Identifying assets for purposes of dividing the joint estate or calculating the accrual can however be more complicated than it seems, especially when there are Trusts involved. 

A Trust is a legal arrangement whereby control over property is transferred to a person or organisation (the Trustees) for the benefit of someone else (the beneficiary). You can register two types of Trusts, namely an inter-vivos Trust and a testamentary Trust.

The Trustees will be deemed to hold or have vested in them, property of which they are not the owner in their own right. A Trust is separate legal entity and as such, may own property in its own name.
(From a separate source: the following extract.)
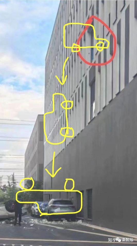 车头落地后朝外,通过这个方向大致可以确定冲破墙体时车辆的方向。也就是说,这台车在冲出大楼之前,是车尾朝外的状态。

The Trustees will have the fiduciary obligation to hold, use, deal or dispose of the property but only for the benefit of the beneficiary.

The above tells us that assets registered in a Trust cannot be considered as an asset belonging to a person and as such, such asset cannot form part of the joint estate or the accrual. Neither spouse may therefore benefit from an asset, registered in a Trust.

In some cases, assets may have been moved to a Trust for the purposes of avoiding sharing it with your soon-to-be Ex after a divorce, or, in some cases assets were moved to a Trust to ensure that the beneficiaries will benefit from them in the future. Beneficiaries in cases of divorce are usually the Children born between the Parties.

The first mentioned Trust may face some issues should a divorcing spouse contend that its assets should be considered in the divorce, or should he/she challenge its validity in Court. There are strict rules when it comes to the creation of Trusts, how it should be administrated and their purpose. Trust may be declared invalid, especially if they were created for the wrong reasons and in other cases, the Court may consider its assets when dividing the joint estate or calculating the accrual.

The Court shall consider the Trust’s assets in the Divorce if it is just for it to do so.  This was the case in the matter of Jordaan v Jordaan 2001 (3) SA 288 (C). In this matter the Court held that although the Husband’s powers were subject to the provisions of the various Trust deeds and the law, sight could not be lost of the fact that the Husband had in the past used the Trust for financial gain in his personal capacity and would undoubtedly do so again in the future.  The Court also considered the operations of the Trust in the past and whether it was administrated properly. The Husband’s own evidence showed that the Trust was actually his alter ego and were regarded by him as such.

In Badenhorst v Badenhorts 2006 (2) SA 255 the South African Court of Appeal held that the mere fact that the Trust assets vested in the Trustees and did thus not form part of the Trustees estate did not per se exclude such assets from consideration when determining what had to be taken into account when making a redistribution order.  In this case the Court stated that in order to succeed with a claim to include the Trust assets, it was necessary to show that the Party in question controlled the Trust and that but for the Trust he or she would have acquired and owned the assets in his or her own name. The Court held that the Trust assets should have been added to the value of the Respondent’s estate and made an order in accordance.

Bear the following in mind when considering whether to pursue a claim that the Trust’s assets should be considered in the divorce:

  • Did the fraudulent party have de facto control over the assets in the Trust?

  • How were the affairs of the Trust conducted during the marriage? Was a proper decision-making route followed?

  • What does the Trust deed say?

  • Was the fellow Trustee’s consent sought on affairs?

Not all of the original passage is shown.